Despite Asia being classified as the “factory of the world” and making up an increasingly dominant share of the global manufacturing economy, the majority of the 160 million Covid-19 vaccinations that had been produced globally by early-March 2021 had been administered in the US and across Europe, the BBC reported.

Japan has been given just 6.3 doses of the vaccine per 100 people, India has administered only 14 injections per 100 people, and China, which were successful in creating its own vaccines, has only 36 doses available to give per 100 people, according to the Financial Times.

In South-East Asia, immunization campaigns have barely begun in Thailand, Vietnam and the Philippines.

The Thai government in particular has come under sharp criticism for how it has handled the vaccination roll out. Thailand has been slow to procure vaccines and relied heavily on AstraZeneca as the single manufacturer for its supply.

Thanathorn Juangroongruangkit, a Thai politician for the Future Forward Party, told DW: “When the vaccine strategy was formulated in the third quarter [of 2020], the number of new daily infections was really low, so the government underestimated the situation and thought they could control the spread of the coronavirus.”

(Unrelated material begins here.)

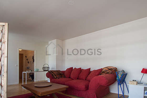 This apartment consists of a wonderful living room with wooden floor and its double-glazed windows with balcony and view on road. This quiet living room is furnished and equipped for a comfortable stay: tv, sofa, dining table, sideboard, 1 chair(s).

Similarly, with Japan marking the unwelcome milestone of 10,000 Covid-19 deaths in April 2021, public frustrations over its slow vaccine roll out is also intensifying after it emerged that the European Union has approved more than 50 million Covid-19 shots for export to Japan.

The Japanese government announced it was planning to implement more resources to roll out the Pfizer-BioNTech vaccine. Japan Health Minister Norihisa Tamura gave his final approval last week for emergency use of the Moderna and AstraZeneca vaccine in Japan, in the hope to speed up the vaccine roll out.

New Covid-19 drug from South Korea classified as a “game changer” in pre-clinical trial test

South Korean pharmaceutical company CNPharm is doubling down on efforts to become the first to deliver an oral medicine for Covid-19 symptoms. The company has released pre-clinical trial test results for a niclosamide-based oral treatment for Covid-19 that could compete with the success of other oral Covid-19 drugs being developed by iosBio, Merck, Pfizer and Roche and Tamiflu.

A single dose of CNPharm’s oral Covid-19 drug, CP-COV03, was administered to a group of rats during the testing stage and results revealed it has a positive effect for combatting flu viruses.

CNPharm’s research disclosed niclosamide, the active pharmaceutical ingredient of CP-COV03, not only inhibited a viral replication as other antiviral drug candidates do, but also degraded and eliminated the virus within the cell, as well as preventing lung damage caused by coronavirus.

Hyundai Bioscience, CNPharm’s sister company, said: “The vivo study is an indicator that the therapeutic window of this drug is wide enough not only to increase its possibility of success as an antiviral drug, but also has the potential to be classed a “game changing” candidate in the big pharma space for combatting Covid-19.”

Hyundai Bioscience claimed CP-COV03 was ready to proceed to clinical trials in South Korea and planned to simultaneously seek collaboration or licensing opportunities with global pharmaceutical companies to speed up its development.